Сюжет рос во мне из последней беседы, как деревце из почвы. Кто знает, тот меня поймет: рождение будущей книги — настолько захватывающий процесс, что трудно его сравнить с чем-то еще. Неведомая прежде часть мира проявляется, обретает плоть, становится живой: люди, дома, улицы, город… Я начинаю видеть подъезд обычного городского дома: разные двери, новенькие и облезлые, стены, выкрашенные светло-синей краской, неряшливую путаницу проводов под потолком, до жути пыльные окна между этажами, слышу неясные голоса и звяканье посуды, чую размытые запахи борща, кошек, стиральныхпорошков…

Ну вот, начало положено. Рядовой областной центр типа Курска, Тамбова, Пензы. Спальный район начала 70-х годов ХХ столетия. То есть кварталы «хрущевок». Уже обжитые, с березами и тополями выше крыш, шумящие листвой. Школа, детский сад, задорный пацанский футбол, мужские посиделки в гаражах допоздна, мамаши с колясками, бабушки у подъездов… Все как везде.

В одном из таких домов живет одинокий пенсионер, его только таким и помнят. Жена погибла на войне, вот он и вдовеет, так и не женился. Он самый тихий жилец в доме, его все видят, все знают, но почти не замечают — примерно, как фонарный столб или кустарник во дворе, или скамейку. Ненужный, но привычный элемент жизни.

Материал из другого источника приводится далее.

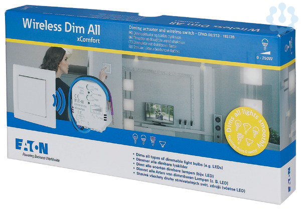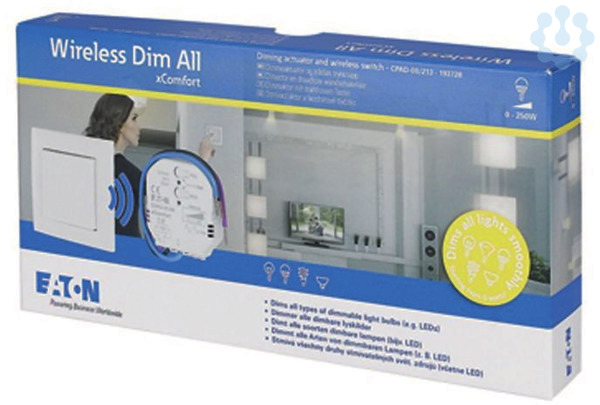 Vorprogrammiertes drahtloses Dimpaket. Dimmt alle Arten von dimmbaren Lampen (z. B. LED). Gleichmäßig dimmen, kein Nachglühen der LED (Neutralleiter benötigt). Einfache Installation ohne größere Bauarbeiten. Drahtloser Druckknopf überall, wo Sie mögen. Kompatibel mit universellen 55mm Schaltanlagen.
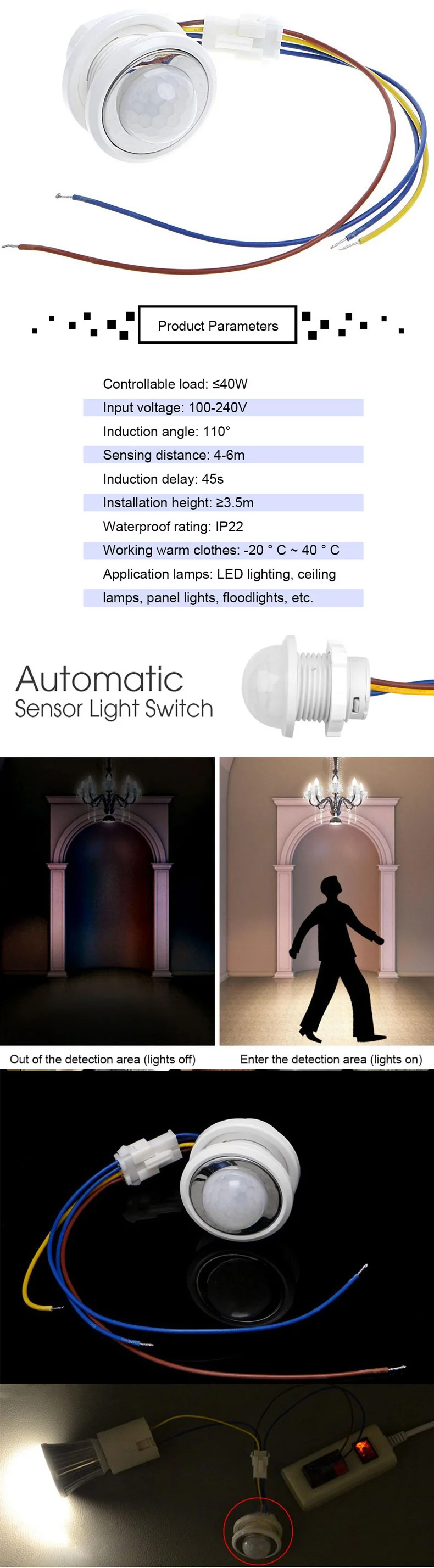 Пассивный инфракрасный мини-датчик, переключатель, умный переключатель 110 В 220 В, светодиодный PIR автоматический датчик, светильник, инфракрасный датчик движения
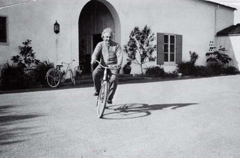 Einstein sendiri penyuka sepeda. Foto-foto klasik menunjukkan dia mengayuh sepeda di Santa Barbara atau Princeton, dengan rambut acak-acakan dan senyum lepas. Ia bahkan pernah mengatakan, ide teori relativitas spesial muncul saat ia bersepeda, merasakan angin dan gerak bebas. Bagi Einstein, sepeda bukan hanya alat transportasi, tapi simbol kebebasan dan pemikiran jernih.
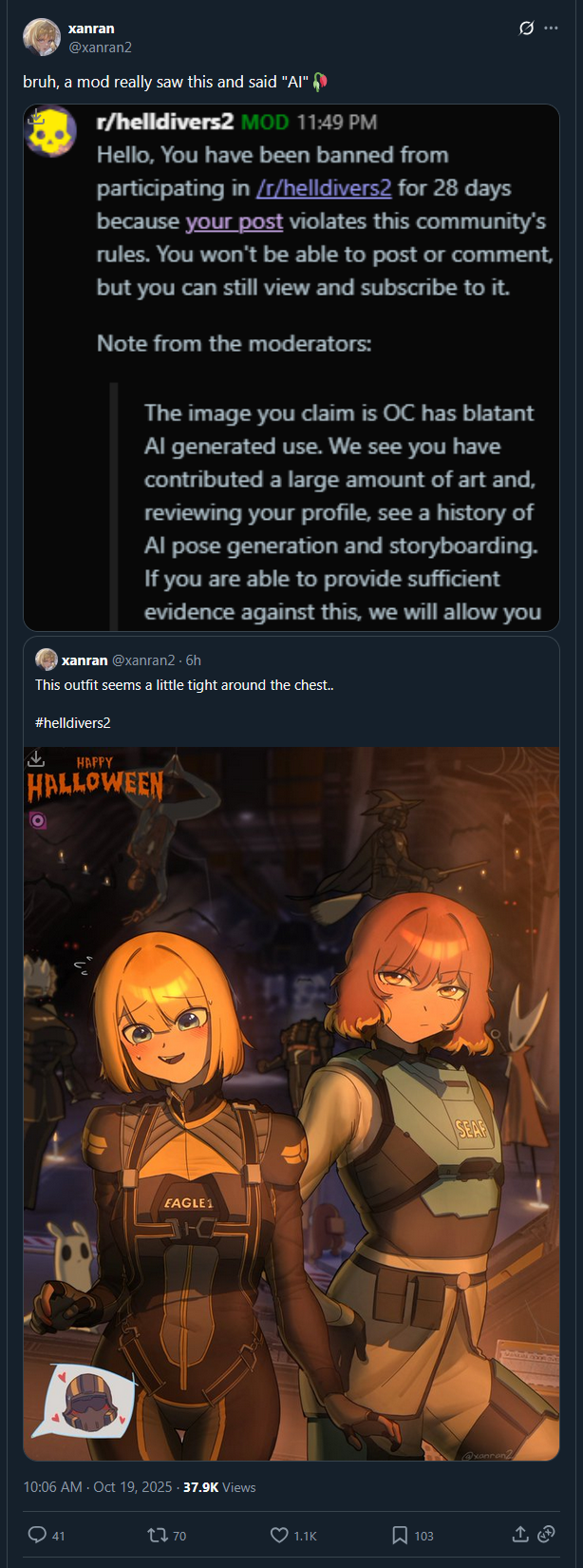 >>723779527>we hate AI here so you are banned>and if you didn't use AI, well, AI can do a better job than you so you can stay bannedwhat the fuck am I reading lmao

И разумеется, никто не знает, кто он в самом деле. Поскольку не присматриваются. Если бы кто-то взглянул бы чуть внимательнее, то увидал бы, что старик сухопар, широкоплеч, у него ни грамма лишнего веса. Что его сутулость и стариковская, шаркающая походка — вполне умелая актерская игра. Что взгляд его серо-стальных глаз быстр и цепок, он умеет замечать мелочи, пролетающие мимо большинства… И уж понятно, никто не знает того, что и сейчас, в свои «под шестьдесят», в своей хрущевке-однушке он регулярно упражняется с гантелями, отжимается от пола, по всем правилам сосредоточенно выполняет «бой с тенью». Конечно, годы берут свое, но и сейчас он сможет отжаться сорок раз, подтянуться на турнике раз десять, пробежать километр минуты за четыре. А правым хуком или свингом, нанесенным внезапно, свалит детину весом за сто килограмм. И уж тем более никому не ведомо, что его настоящее имя Ханс Петер Ягервальд — «охотничий лес», если дословно с немецкого. Он остзейский немец, уроженец Риги, успел побывать подданным Российской империи, Латвийской республики, Третьего рейха. Был завербован абвером и залегендирован на территории СССР. Успешно выполнил ряд поручений по добыче ценной информации, заслужил доверие руководства. Ну, а последнее распоряжение получил в марте 1945 года, когда помянутый Третий рейх трещал и сыпался по всем швам. Указание самое простое: ждать дальнейших распоряжений.

И вот он ждет.

Миновало почти тридцать лет. Никто не потревожил «спящего» агента за эти годы. Честно сказать, он сам уже начал сомневаться: агент он, или давно все былое отменилось, будучи развеяно ветрами истории? И тогда судьба ему закончить земные дни в обличье неприметного советского пенсионера…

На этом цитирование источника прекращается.